Wall Street consensus is also becoming more cautious. Goldman Sachs expects the pause to last until the end of the first half of the year, with cuts of once in March and once in June, totaling 50 basis points for the year; institutions like iShares and Morningstar are more aggressive, advocating that "at most, one or two cuts will top out." Unless a new Fed chair takes office in May with a significantly different stance, the chances of surprises are limited.
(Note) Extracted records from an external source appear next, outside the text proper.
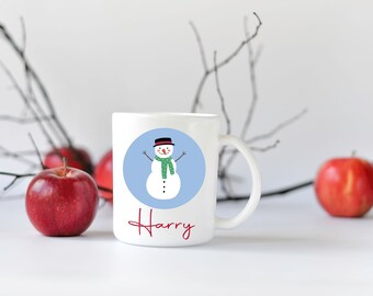 Snowman Merry Christmas mug, Custom mug, Personalized gift, personal drinkware, Hot Cocoa, Present for kids, Perosonal Holiday mug
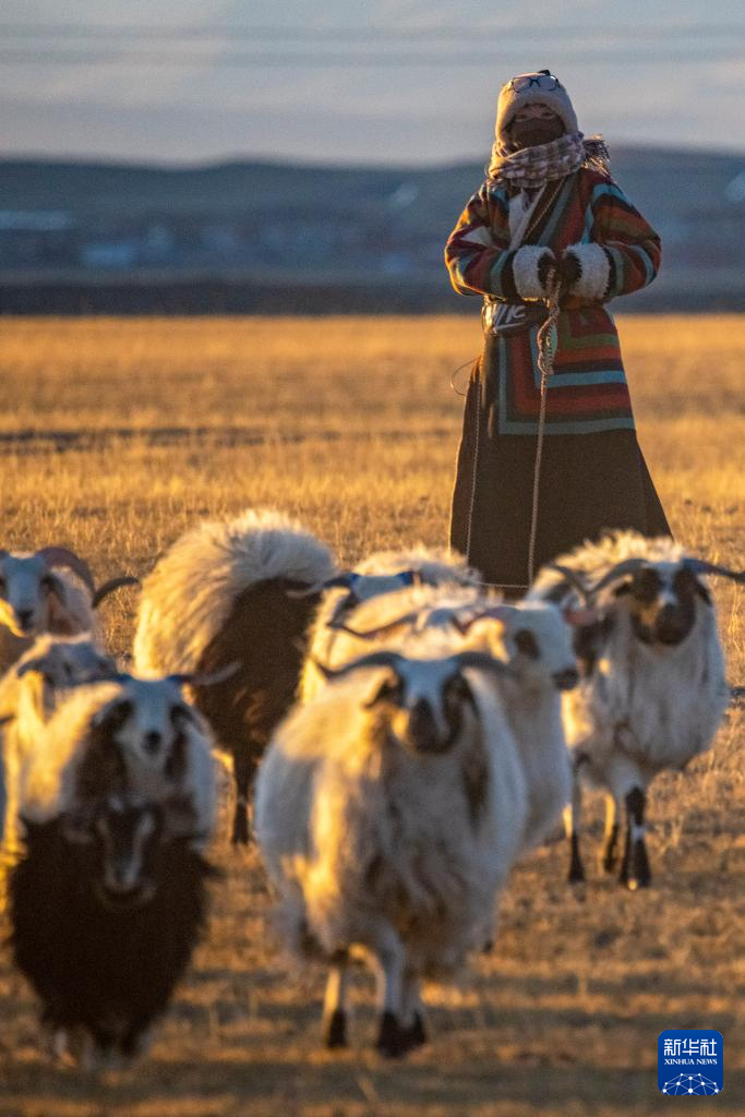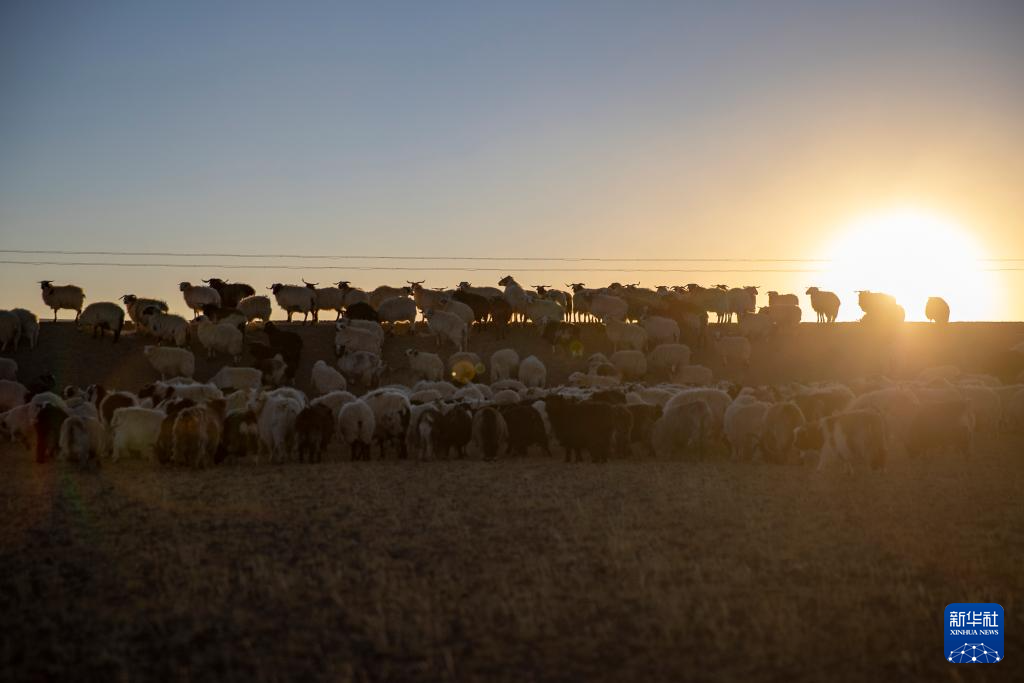 太陽落山,丹增家的羊從(cong) 草場趕回棚圈(12月18日攝)。新華社記者 薑帆 攝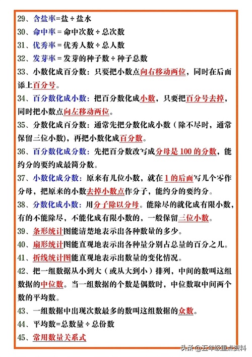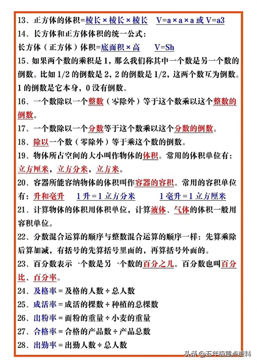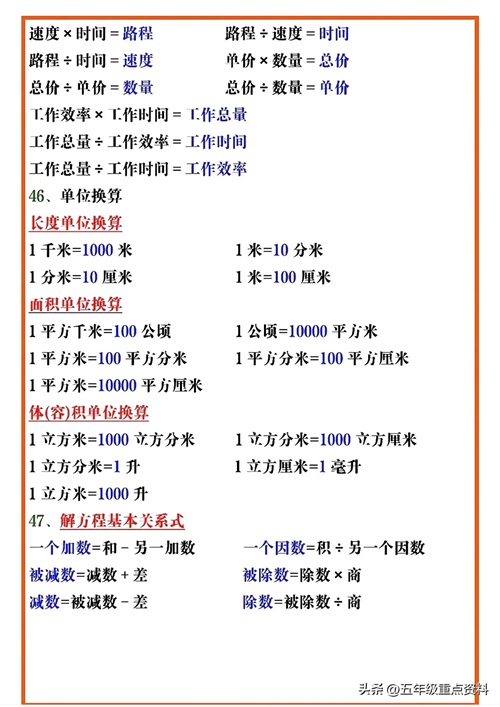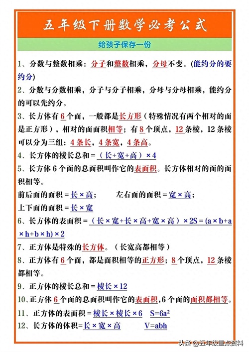 五年级下册数学必考公式汇总,给孩子打印一份吧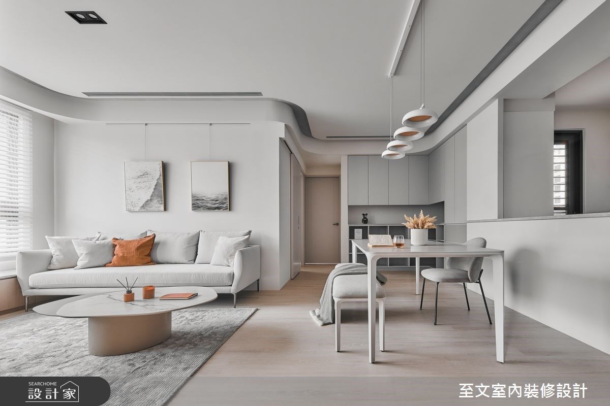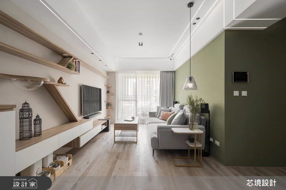設計師重新規劃格局,減少一面牆及調整一扇門,讓戶外涼風與光線更充分的進入屋內,只以一道電視牆分割客廳與書房區域,創造更多開放式空間,成功放大視覺效果。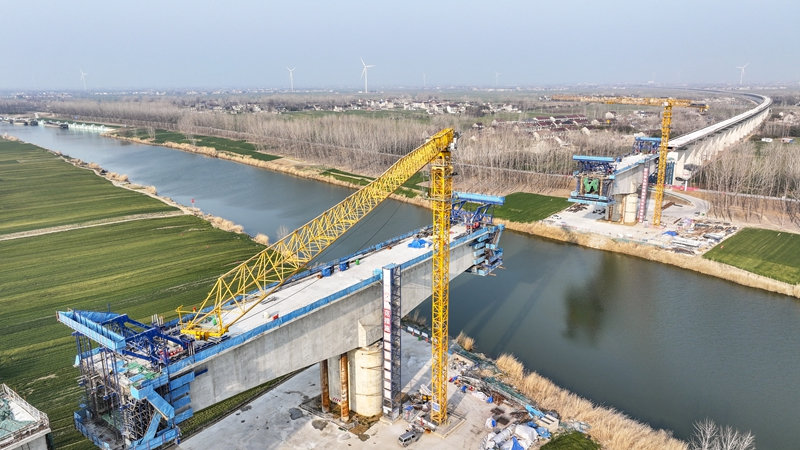 阜淮鐵路跨渦河特大橋連續(xù)梁施工現(xiàn)場。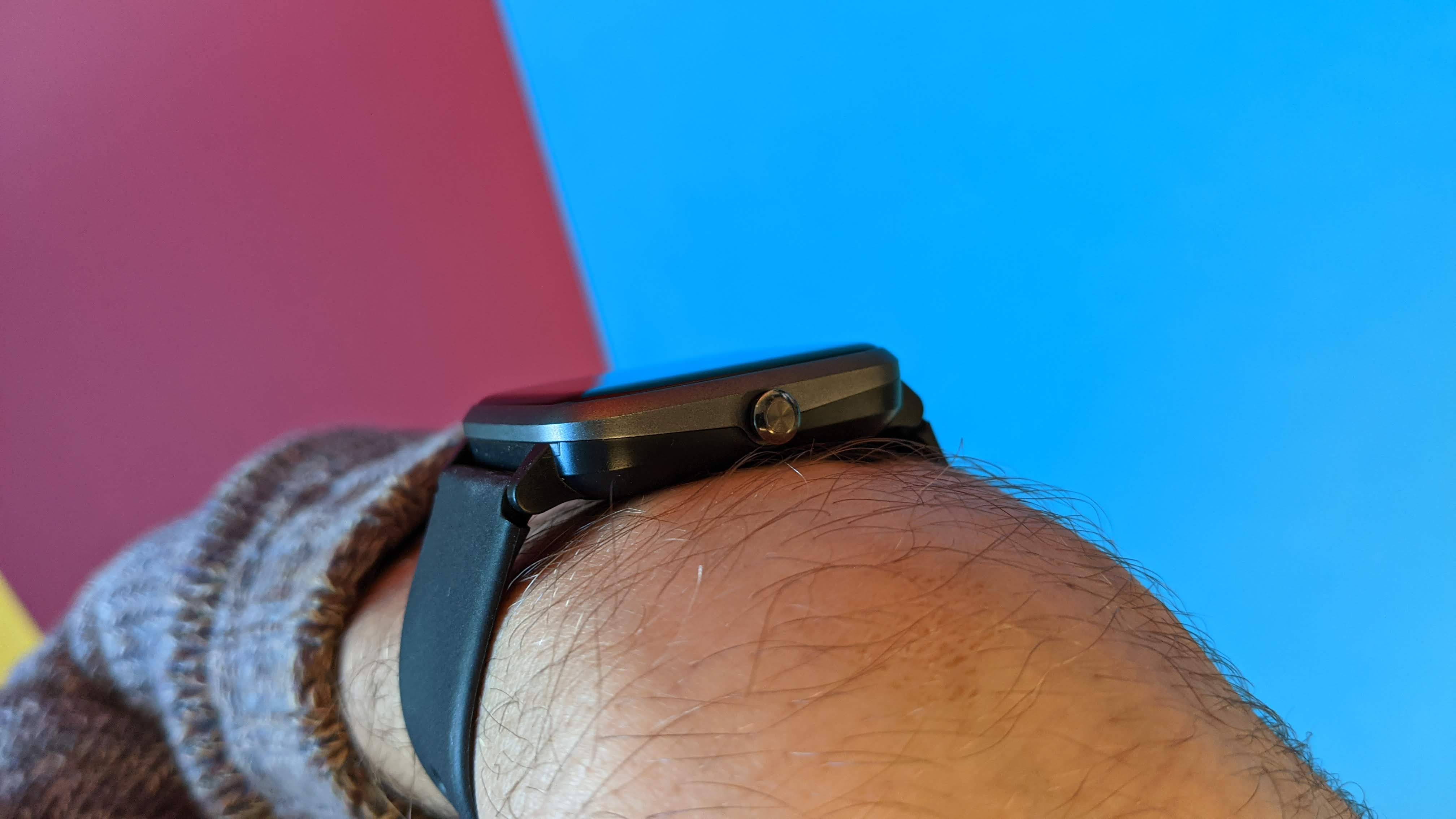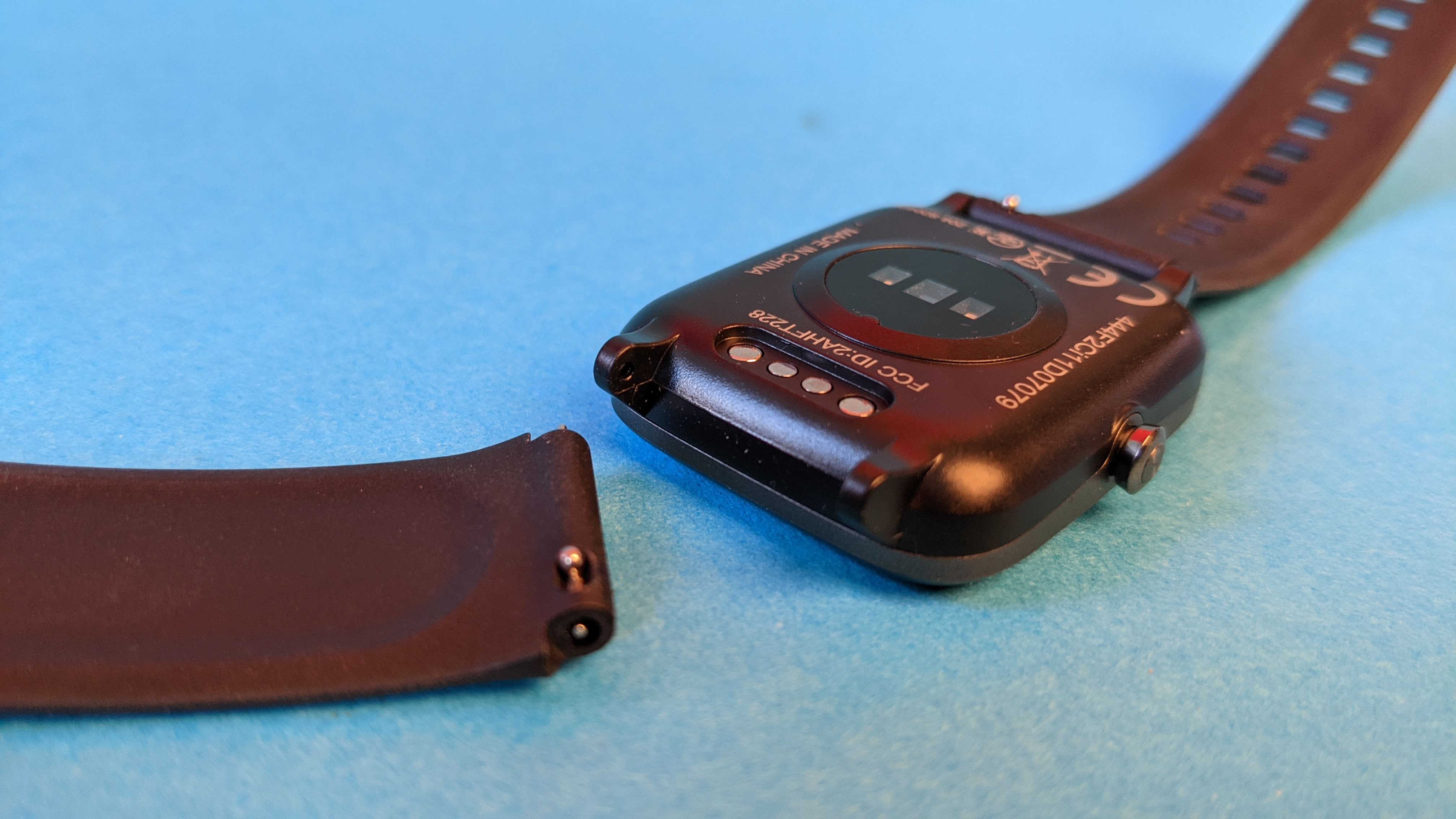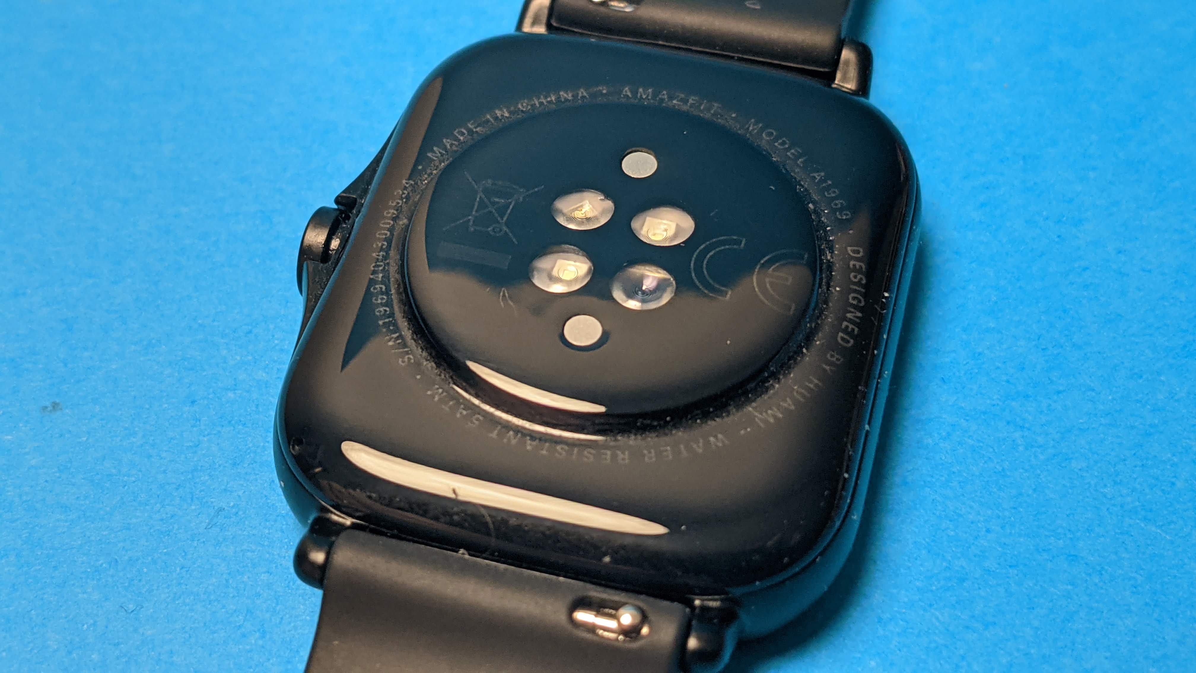 Optisch ähnelt sie der Apple Watch. Sie ist 12 Millimeter dick, 35 Millimeter breit und 41 Millimeter lang. Ihr 1,3-Zoll-Display ist mit 240 × 240 Pixel recht scharf, ausreichend hell und bietet brauchbare Blickwinkel. Allerdings ist der Display-Rand besonders an der unteren Seite deutlich zu dick. Bemerkenswert: Trotz ihres günstigen Preises bietet sie eine IP68-Zertifizierung. Mit ihr sollte man entsprechend bedenkenlos schwimmen können. Salzwasser sollte man meiden.

Interestingly, there is considerable disagreement within the dot plot — some officials even advocate for no cuts in 2026, while others boldly predict as many as 150 basis points of cuts. The level of disagreement is comparable to family disputes. A few optimists, like Moody's Mark Zandi, dare to forecast "three cuts in the first half" (75 basis points), citing potential softening in the labor market, further decline in inflation, and political pressure factors. However, this scenario is a very small part of market consensus; the more likely real scenario is: without clear signs of economic deterioration, the Fed will remain on hold, and the total number of rate cuts for the year will stay below two.
To trigger a "three-rate cut" scenario, a black swan event such as a sharp rise in unemployment or a rapid decline in inflation would be needed — none of which are currently in the baseline expectations.
The key time window is the FOMC meeting on January 27-28. The new dot plot data will be released, which will directly determine the market's next move — whether dovish policymakers take the lead or hawks continue to steer. For investors involved in borrowing, holding crypto assets, or other risk assets, the outcome of this meeting is worth close attention. Buckle up, as market volatility could be intense.